● MATERIAL FOR THE TASK:
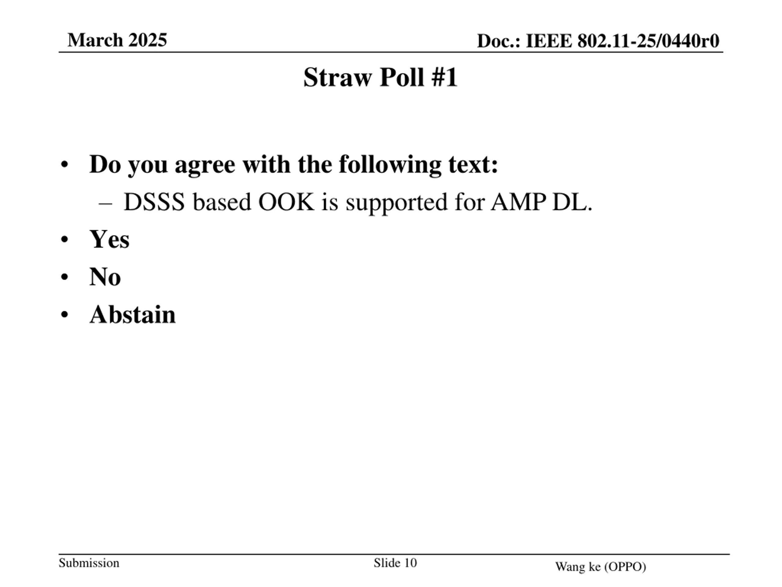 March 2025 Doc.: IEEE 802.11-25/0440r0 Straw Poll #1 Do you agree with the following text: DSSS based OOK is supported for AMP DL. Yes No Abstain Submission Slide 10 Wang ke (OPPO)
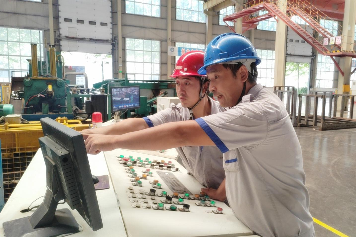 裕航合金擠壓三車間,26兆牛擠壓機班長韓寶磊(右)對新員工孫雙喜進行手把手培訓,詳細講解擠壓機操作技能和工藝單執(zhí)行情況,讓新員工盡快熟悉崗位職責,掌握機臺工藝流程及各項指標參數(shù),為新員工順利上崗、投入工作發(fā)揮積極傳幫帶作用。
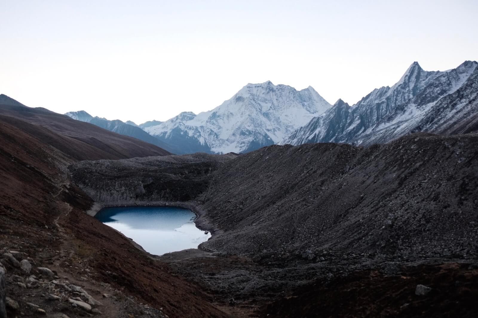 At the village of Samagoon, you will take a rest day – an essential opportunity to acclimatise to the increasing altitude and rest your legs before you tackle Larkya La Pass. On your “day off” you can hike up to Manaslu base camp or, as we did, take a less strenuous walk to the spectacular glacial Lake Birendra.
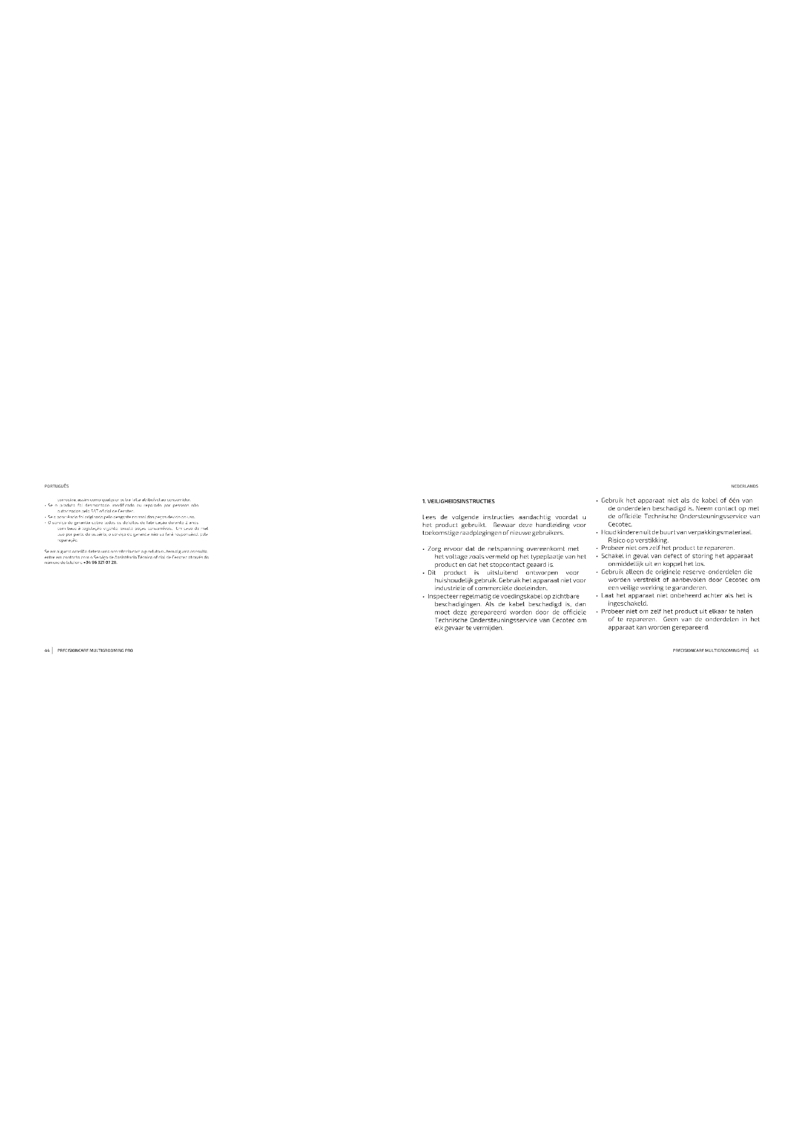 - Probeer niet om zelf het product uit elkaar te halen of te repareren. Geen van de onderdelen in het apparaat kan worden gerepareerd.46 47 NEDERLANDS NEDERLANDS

==

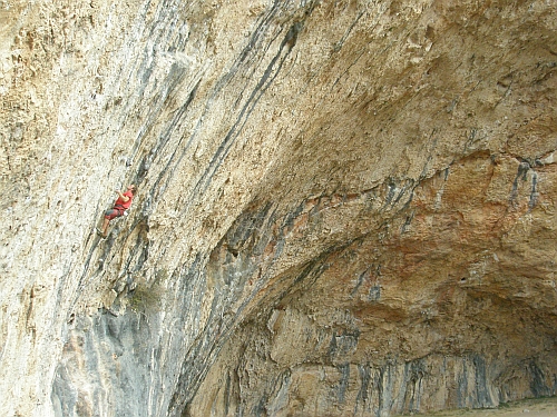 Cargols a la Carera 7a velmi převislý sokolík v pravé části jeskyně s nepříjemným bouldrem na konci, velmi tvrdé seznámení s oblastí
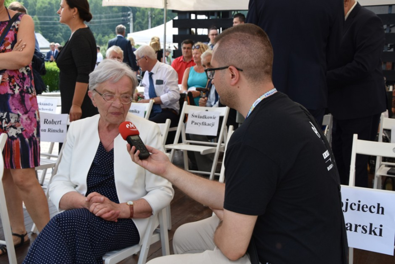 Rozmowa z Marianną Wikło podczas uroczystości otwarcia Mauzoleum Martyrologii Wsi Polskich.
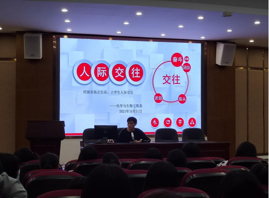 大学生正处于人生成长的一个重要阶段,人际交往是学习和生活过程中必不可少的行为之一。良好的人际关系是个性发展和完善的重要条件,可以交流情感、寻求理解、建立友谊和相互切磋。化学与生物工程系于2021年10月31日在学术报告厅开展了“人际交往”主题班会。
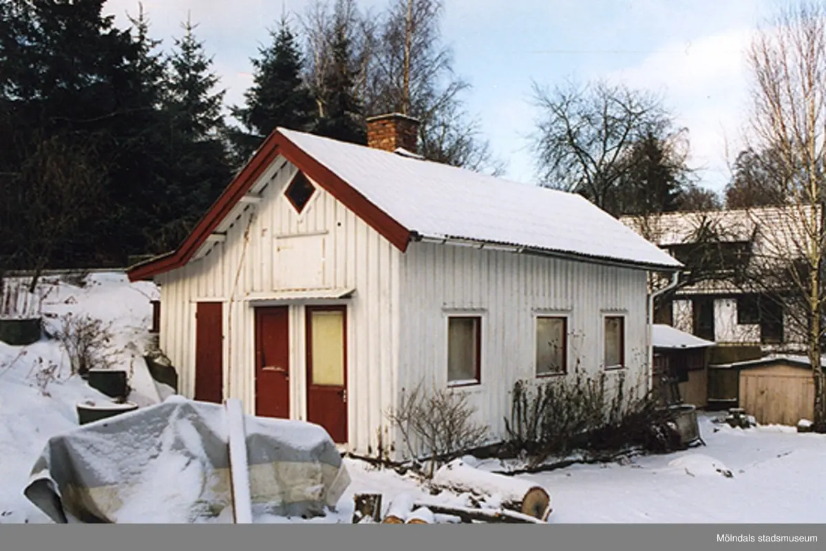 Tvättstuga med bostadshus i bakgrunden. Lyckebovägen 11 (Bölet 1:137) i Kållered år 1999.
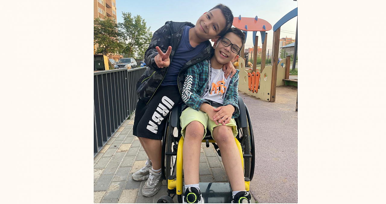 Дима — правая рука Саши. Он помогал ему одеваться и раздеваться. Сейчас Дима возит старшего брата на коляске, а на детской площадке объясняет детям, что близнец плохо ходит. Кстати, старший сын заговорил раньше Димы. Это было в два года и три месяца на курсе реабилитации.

● WORK ITEM:
Here the job is to copy the stretch of records from the line containing "大学生正处于人生成长的一个重" through the line containing "Дима — правая", word for word. Leave every picture out.

● ANSWER SPACE:
 大学生正处于人生成长的一个重要阶段,人际交往是学习和生活过程中必不可少的行为之一。良好的人际关系是个性发展和完善的重要条件,可以交流情感、寻求理解、建立友谊和相互切磋。化学与生物工程系于2021年10月31日在学术报告厅开展了“人际交往”主题班会。
 Tvättstuga med bostadshus i bakgrunden. Lyckebovägen 11 (Bölet 1:137) i Kållered år 1999.
 Дима — правая рука Саши. Он помогал ему одеваться и раздеваться. Сейчас Дима возит старшего брата на коляске, а на детской площадке объясняет детям, что близнец плохо ходит. Кстати, старший сын заговорил раньше Димы. Это было в два года и три месяца на курсе реабилитации.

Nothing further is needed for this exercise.